Continuous fiber-reinforced material extrusion is an emerging additive manufacturing process that builds components layer by layer by extruding a continuous fiber-reinforced thermoplastic strand. This novel manufacturing process combines the benefits of additive manufacturing with the mechanical properties and lightweight potential of composite materials, making it a promising approach for creating high-strength end products. The field of design for additive manufacturing has developed to provide suitable methods and tools for such emerging processes. However, continuous fiber-reinforced material extrusion, as a relatively new technology, has not been extensively explored in this context. Designing components for this process requires considering both restrictive and opportunistic aspects, such as extreme anisotropy and opportunities for functional integration.
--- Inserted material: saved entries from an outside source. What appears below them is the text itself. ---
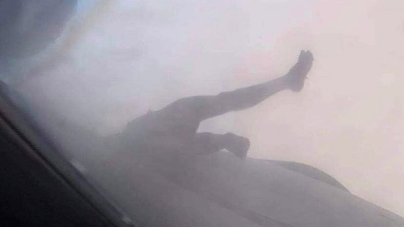 وتظهر اللقطات حوالي 10 أشخاص جالسين تحت الجناح، فيما يعبر شخصان آخران المدرج أمام الطائرة المتحركة.
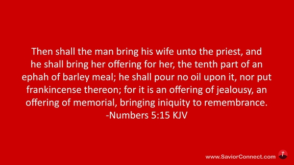 Then shall the man bring his wife unto the priest, and he shall bring her offering for her, the tenth part of an ephah of barley meal; he shall pour no oil upon it, nor put frankincense thereon; for it is an offering of jealousy, an offering of memorial, bringing iniquity to remembrance. -Numbers 5:15 KJV
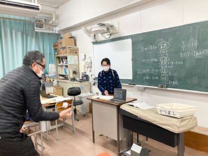 上・中 1組 阿佐先生、鎌田先生 体つくりの運藤を紹介しています。保護者の皆さまのご協力で、スムーズにオンライン学習が進んでいます。
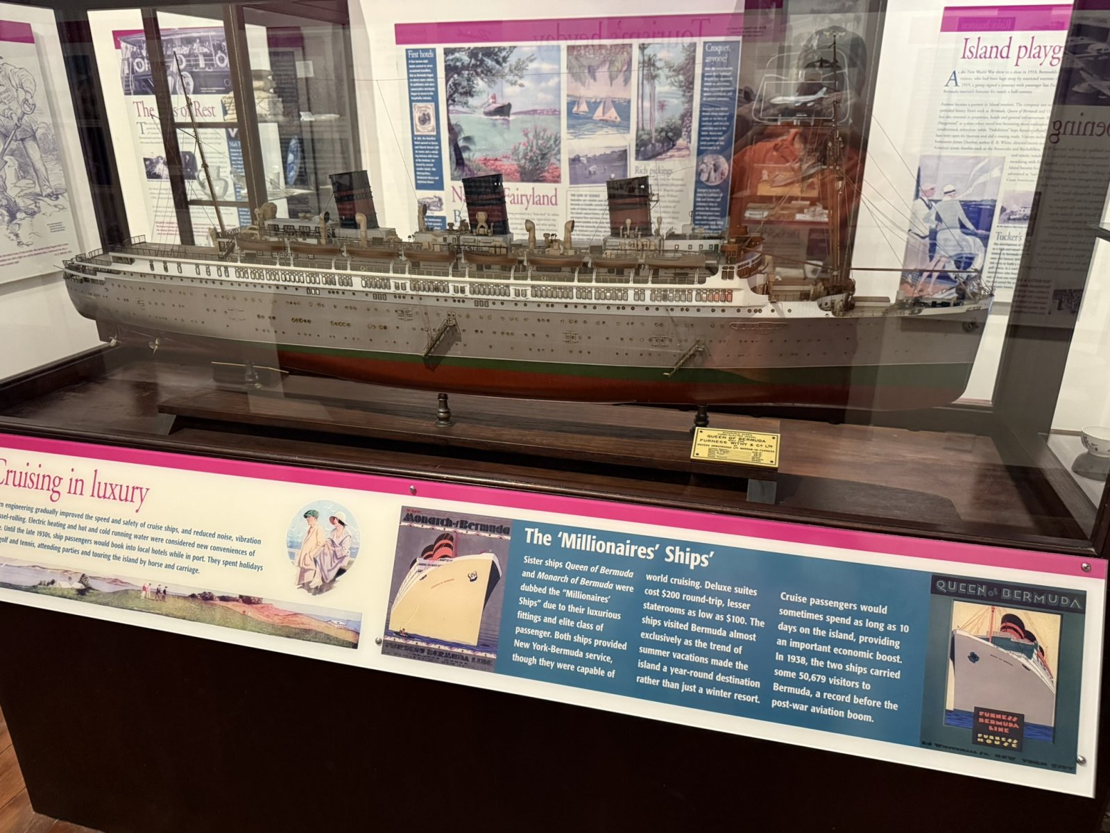 | A model of a "Millionaire Ship". Two such ships carried well-to-do passengers to and from Bermuda before the advent of widespread commercial aviation. | ||||||
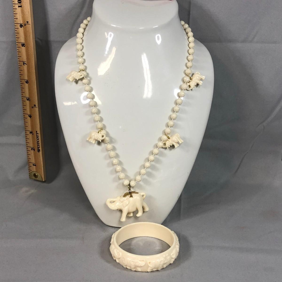 Lot 16 - Elephant Necklace and Bangle Bracelet

Existing process models and methods do not adequately address these specific needs. To bridge this gap, a tailored methodology for designing continuous fiber-reinforced material extrusion is proposed, building on established process models. This includes developing process-specific methods and integrating them into the process model, such as a process selection analysis to assess the suitability of the method and a decision model for selecting the process for highly stressed components. Additionally, a detailed design process tailored to continuous fiber-reinforced material extrusion is presented. The application of the developed process model is demonstrated through a case study.